Any picture must be dropped, but each line of the data should be duplicated exactly.
BEGIN
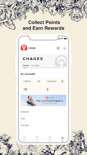 Get rewarded for skipping the queue! Start earning points by ordering through our App today! With the CHAGEE App, you can: -Order and pay digitally -Order for self-pickup ahead of time -Earn Points and redeem rewards at our Rewards Store -Earn Experience to reach higher tiers for greater benefits -Stay up to date on new launches and deals -Locate our outlets and their operating hours Download and enjoy welcome discounts now!
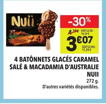 Offre NUII 4 batônnets glacés caramel salé & macadamia d'australie chez Supeco
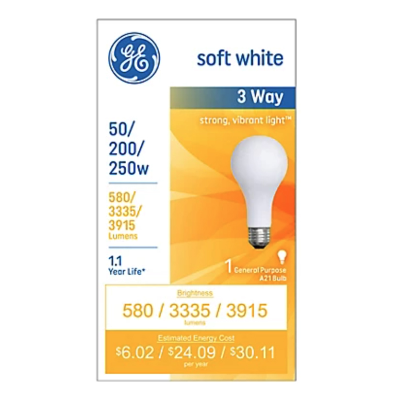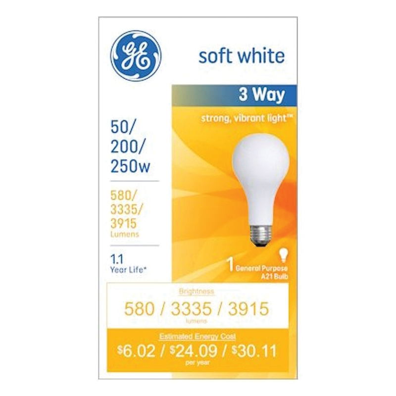 GE Light Bulb, Three-Way, Wattage Rating: 250 W, 120 V, Lamp Shape: A21, Lamp Base: E26 Medium, Lamp Material: Glass, Lumens: 3915 Lumens, Dimmable: Yes, Light Color: Soft White, Color Temperature: 2800 K, Average Life: 1200 hr, Dimensions: 2-5/8 in Dia x 5-1/4 in L
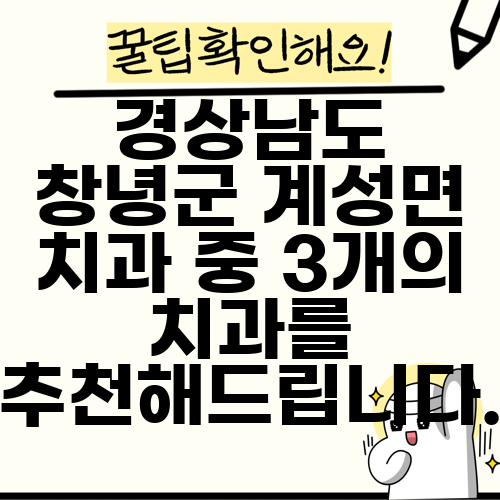 경상남도 창녕군 계성면 치과 중 3개의 치과를 추천해드립니다.
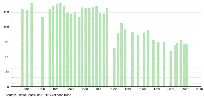 L'évolution du nombre d'habitants est connue à travers les recensements de la population effectués dans la commune depuis 1793. Pour les communes de moins de 10 000 habitants, une enquête de recensement portant sur toute la population est réalisée tous les cinq ans, les populations légales des années intermédiaires étant quant à elles estimées par interpolation ou extrapolation[18]. Pour la commune, le premier recensement exhaustif entrant dans le cadre du nouveau dispositif a été réalisé en 2008[19].
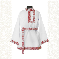 Эта модель косоворотки предназначена для детей, подростков и взрослых мужчин. Подходит как для традиционных русских мероприятий, так и для повседневной носки. Рубаха изготовлена из хлопка, украшена жаккардовой тесьмой с орнаментом по вороту, низу рукавов и самой косоворотки, имеет прямой крой, может подвязыватся поясом, который входит в комплект.
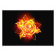 Rosa en llamas del fuego y la llama sobre fondo negro.
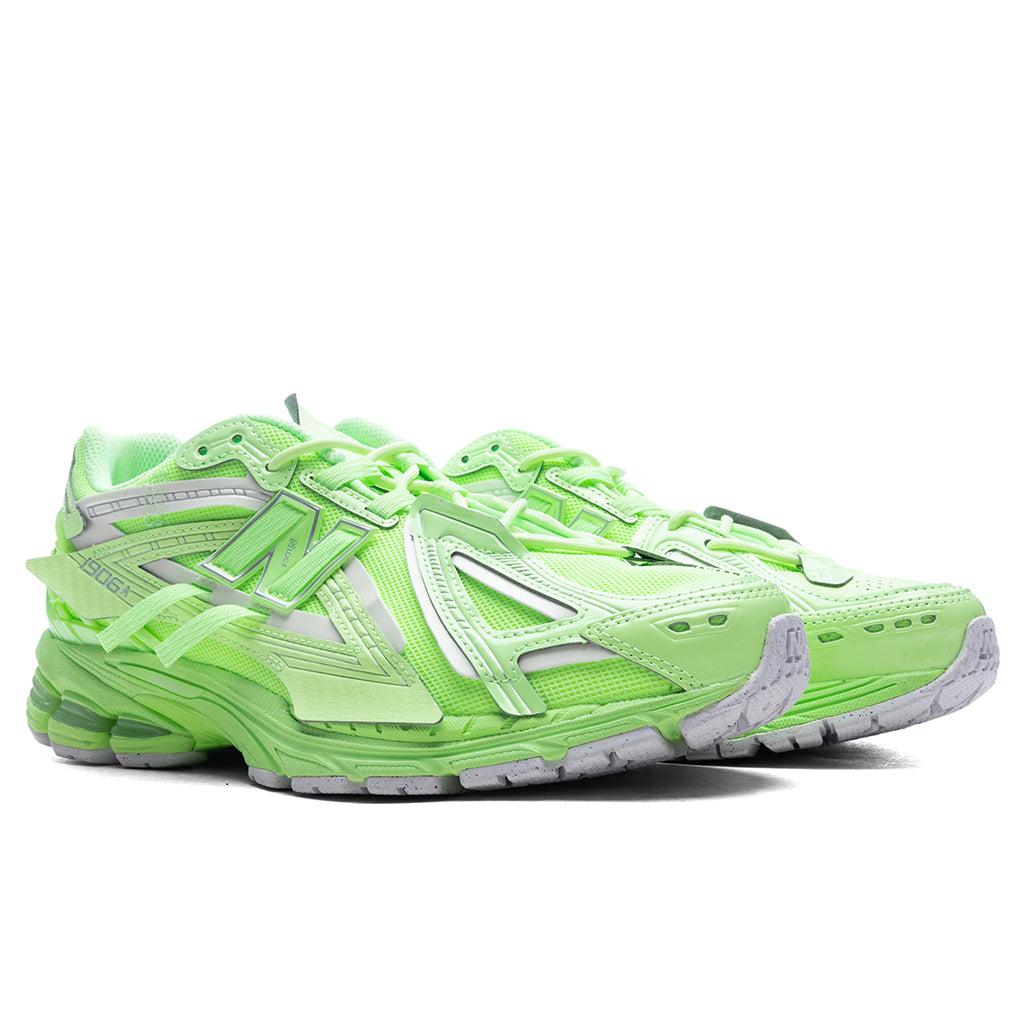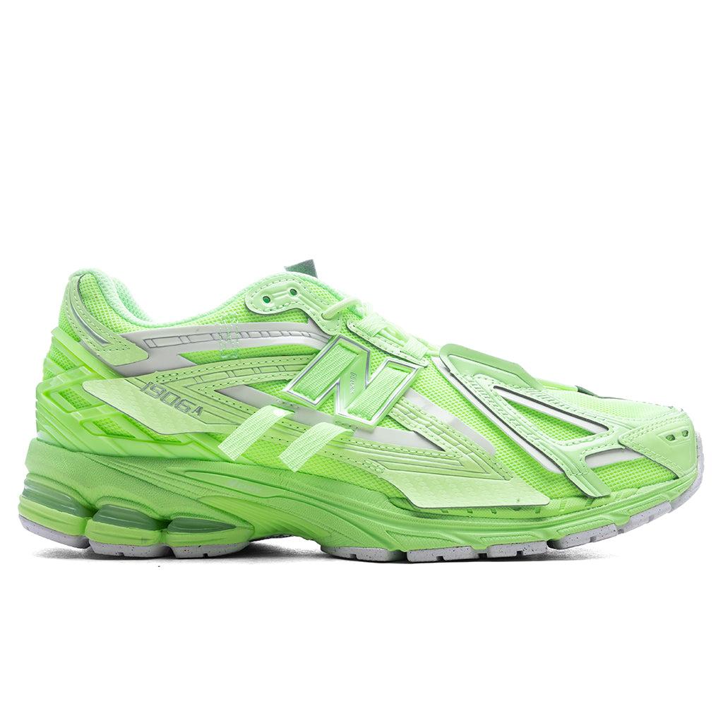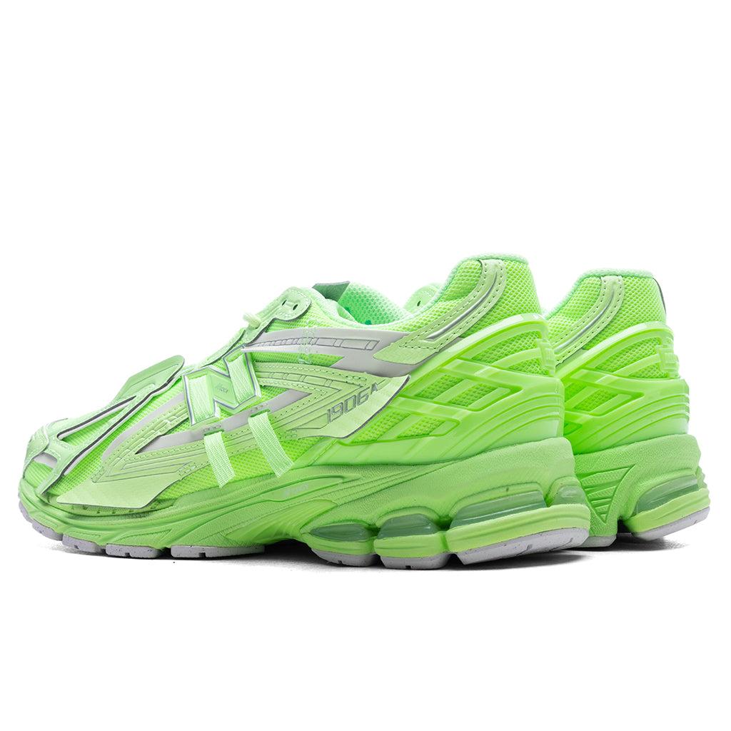 The New Balance 1906A in Mint Flash/Silver Metallic/White delivers a dynamic blend of style and performance. A breathable mesh upper pairs with synthetic leather overlays for durability, while a molded heel cage enhances support. The ACTEVA LITE midsole and ABZORB SBS heel pods provide lightweight cushioning and shock absorption. Finished with a Stability Web and a durable rubber outsole, this sneaker offers both stability and traction, making it a versatile choice for everyday wear. Mesh upper Synthetic leather overlays Molded cage at the heel ACTEVA LITE midsole ABZORB SBS heel pods Rubber outsole Stability Web All sizes are listed in U.S. Men's sizing unless stated otherwise Style No: U1906AF
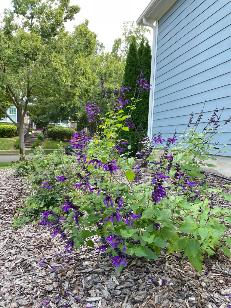 A perennial salvia that is winter hardy in our Zone 8. Not a native plant to our area, but a profuse, long blooming, shrubby grower of up to five feet tall, ‘Amistad’ salvia, also known as friendship salvia, is a relatively new hybrid. With “large, rich royal purple flowers adorned with nearly black calyces,” according to Gardenia.net, it is a very versatile plant in the garden if you have the space. It begins blooming is early summer and continues until the first frosts. It won an Award of Garden Merit from the Royal Horticultural Society (RHS).
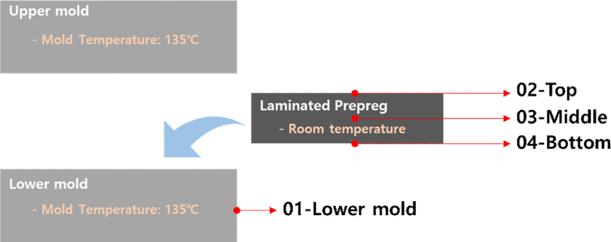적층된 프리프레그의 예열 시간은 Fig. 8와 같이 ‘T0, Prepreg preheating time’으로 결정하였다. T0는 Fig. 9의 압축압력 시작시간인 ‘T1, Compression start time’에 포함된다. 즉 예열과 성형이 한 공정에서 진행된다.
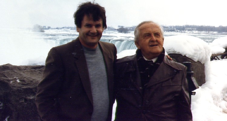 - John "David" Munday shown with City Historian George Seibel at the brink of the Horseshoe Falls
END
### ANSWER AREA
 Get rewarded for skipping the queue! Start earning points by ordering through our App today! With the CHAGEE App, you can: -Order and pay digitally -Order for self-pickup ahead of time -Earn Points and redeem rewards at our Rewards Store -Earn Experience to reach higher tiers for greater benefits -Stay up to date on new launches and deals -Locate our outlets and their operating hours Download and enjoy welcome discounts now!
 Offre NUII 4 batônnets glacés caramel salé & macadamia d'australie chez Supeco
 GE Light Bulb, Three-Way, Wattage Rating: 250 W, 120 V, Lamp Shape: A21, Lamp Base: E26 Medium, Lamp Material: Glass, Lumens: 3915 Lumens, Dimmable: Yes, Light Color: Soft White, Color Temperature: 2800 K, Average Life: 1200 hr, Dimensions: 2-5/8 in Dia x 5-1/4 in L
 경상남도 창녕군 계성면 치과 중 3개의 치과를 추천해드립니다.
 L'évolution du nombre d'habitants est connue à travers les recensements de la population effectués dans la commune depuis 1793. Pour les communes de moins de 10 000 habitants, une enquête de recensement portant sur toute la population est réalisée tous les cinq ans, les populations légales des années intermédiaires étant quant à elles estimées par interpolation ou extrapolation[18]. Pour la commune, le premier recensement exhaustif entrant dans le cadre du nouveau dispositif a été réalisé en 2008[19].
 Эта модель косоворотки предназначена для детей, подростков и взрослых мужчин. Подходит как для традиционных русских мероприятий, так и для повседневной носки. Рубаха изготовлена из хлопка, украшена жаккардовой тесьмой с орнаментом по вороту, низу рукавов и самой косоворотки, имеет прямой крой, может подвязыватся поясом, который входит в комплект.
 Rosa en llamas del fuego y la llama sobre fondo negro.
 The New Balance 1906A in Mint Flash/Silver Metallic/White delivers a dynamic blend of style and performance. A breathable mesh upper pairs with synthetic leather overlays for durability, while a molded heel cage enhances support. The ACTEVA LITE midsole and ABZORB SBS heel pods provide lightweight cushioning and shock absorption. Finished with a Stability Web and a durable rubber outsole, this sneaker offers both stability and traction, making it a versatile choice for everyday wear. Mesh upper Synthetic leather overlays Molded cage at the heel ACTEVA LITE midsole ABZORB SBS heel pods Rubber outsole Stability Web All sizes are listed in U.S. Men's sizing unless stated otherwise Style No: U1906AF
 A perennial salvia that is winter hardy in our Zone 8. Not a native plant to our area, but a profuse, long blooming, shrubby grower of up to five feet tall, ‘Amistad’ salvia, also known as friendship salvia, is a relatively new hybrid. With “large, rich royal purple flowers adorned with nearly black calyces,” according to Gardenia.net, it is a very versatile plant in the garden if you have the space. It begins blooming is early summer and continues until the first frosts. It won an Award of Garden Merit from the Royal Horticultural Society (RHS).
적층된 프리프레그의 예열 시간은 Fig. 8와 같이 ‘T0, Prepreg preheating time’으로 결정하였다. T0는 Fig. 9의 압축압력 시작시간인 ‘T1, Compression start time’에 포함된다. 즉 예열과 성형이 한 공정에서 진행된다.
 - John "David" Munday shown with City Historian George Seibel at the brink of the Horseshoe Falls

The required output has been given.